** GIVEN MATERIAL **
##############################

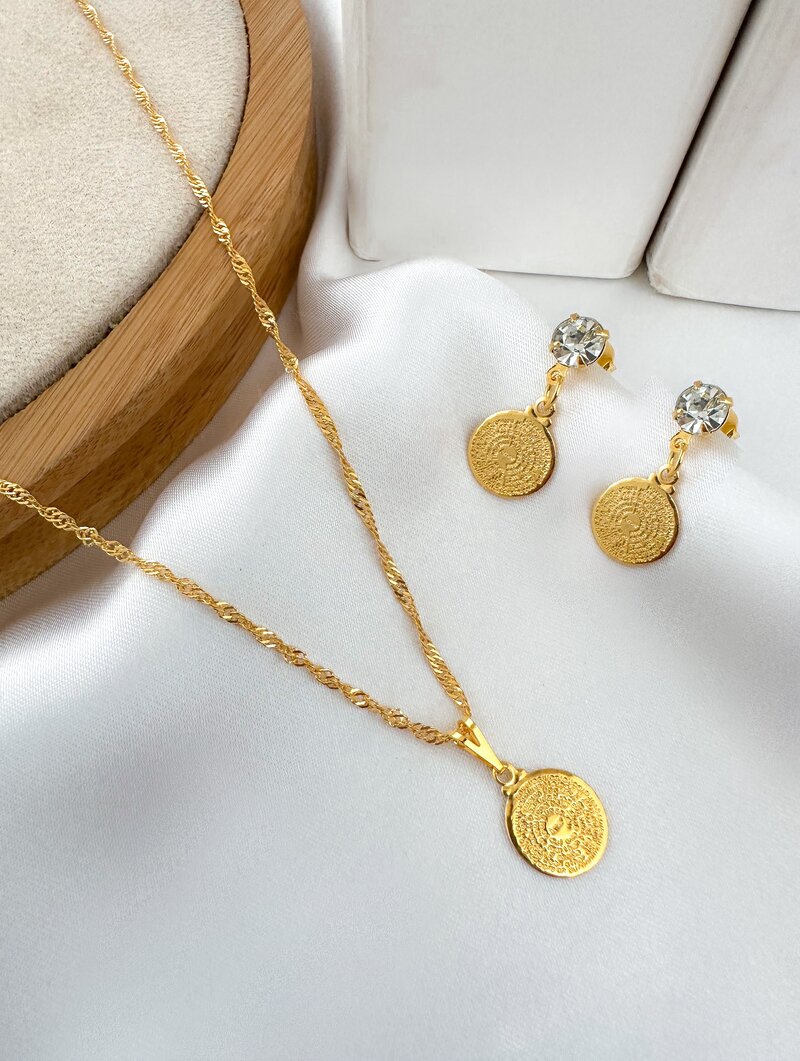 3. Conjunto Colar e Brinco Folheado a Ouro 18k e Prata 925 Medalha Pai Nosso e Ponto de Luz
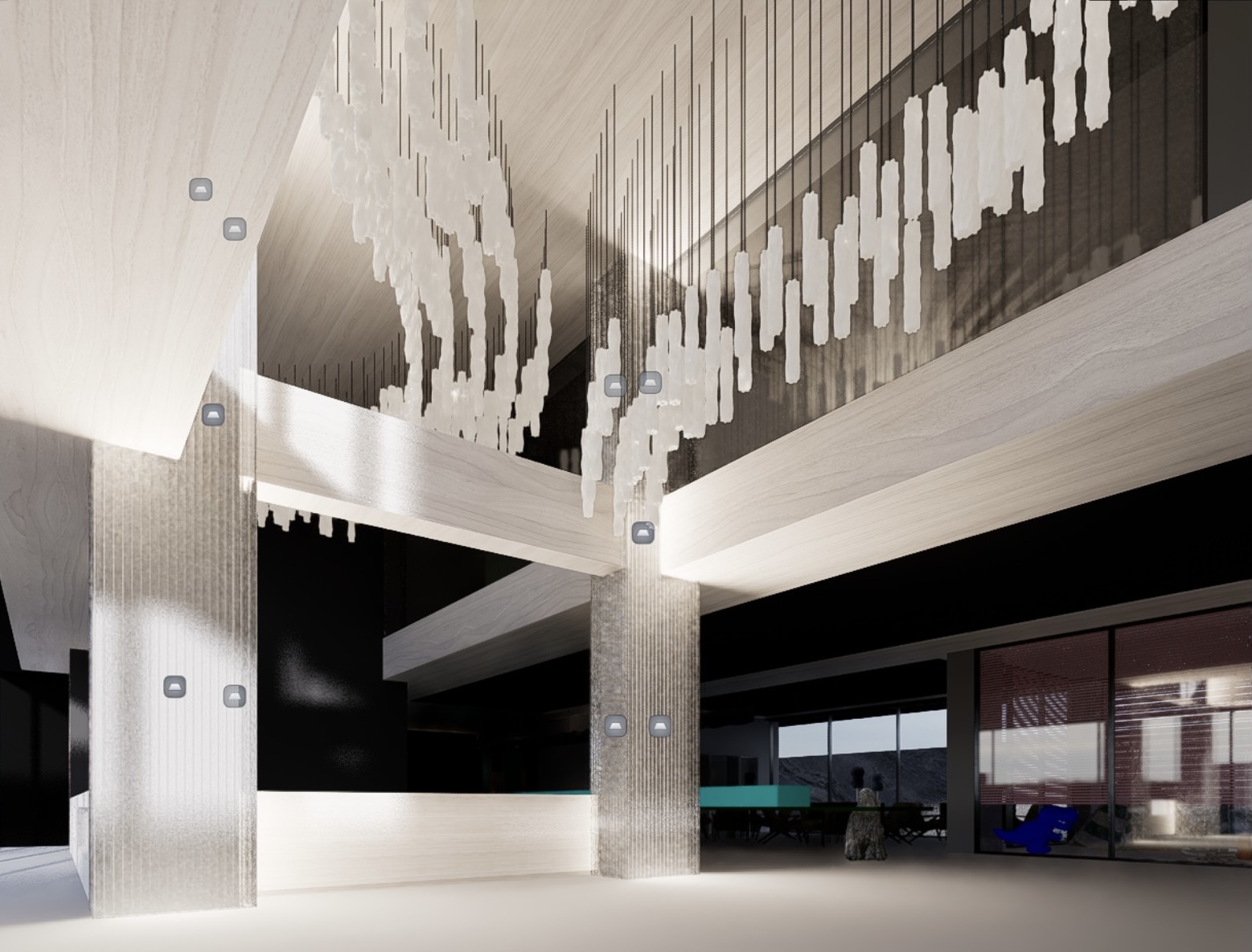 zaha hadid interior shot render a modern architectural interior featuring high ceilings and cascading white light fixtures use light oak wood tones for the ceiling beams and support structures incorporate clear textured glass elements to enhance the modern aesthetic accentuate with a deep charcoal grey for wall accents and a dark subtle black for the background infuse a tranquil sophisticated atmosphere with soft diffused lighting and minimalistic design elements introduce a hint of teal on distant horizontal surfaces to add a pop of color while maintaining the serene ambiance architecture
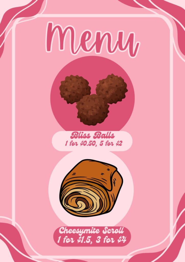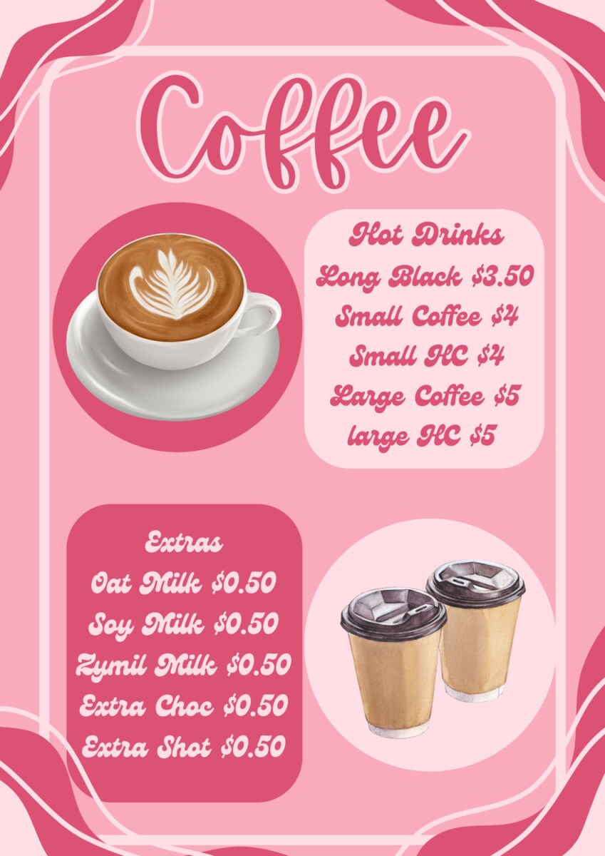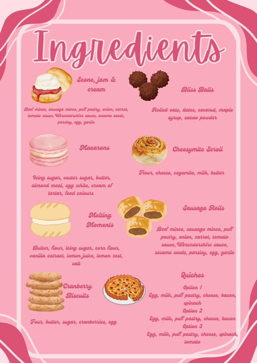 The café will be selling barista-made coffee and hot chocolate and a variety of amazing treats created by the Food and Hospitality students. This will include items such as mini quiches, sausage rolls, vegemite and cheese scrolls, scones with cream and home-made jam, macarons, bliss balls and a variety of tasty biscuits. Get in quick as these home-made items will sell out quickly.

##############################

** EXERCISE DESCRIPTION **
If the material above contains pictures, exclude them from an otherwise exact transcription.

** TASK ANSWER **
 3. Conjunto Colar e Brinco Folheado a Ouro 18k e Prata 925 Medalha Pai Nosso e Ponto de Luz
 zaha hadid interior shot render a modern architectural interior featuring high ceilings and cascading white light fixtures use light oak wood tones for the ceiling beams and support structures incorporate clear textured glass elements to enhance the modern aesthetic accentuate with a deep charcoal grey for wall accents and a dark subtle black for the background infuse a tranquil sophisticated atmosphere with soft diffused lighting and minimalistic design elements introduce a hint of teal on distant horizontal surfaces to add a pop of color while maintaining the serene ambiance architecture
 The café will be selling barista-made coffee and hot chocolate and a variety of amazing treats created by the Food and Hospitality students. This will include items such as mini quiches, sausage rolls, vegemite and cheese scrolls, scones with cream and home-made jam, macarons, bliss balls and a variety of tasty biscuits. Get in quick as these home-made items will sell out quickly.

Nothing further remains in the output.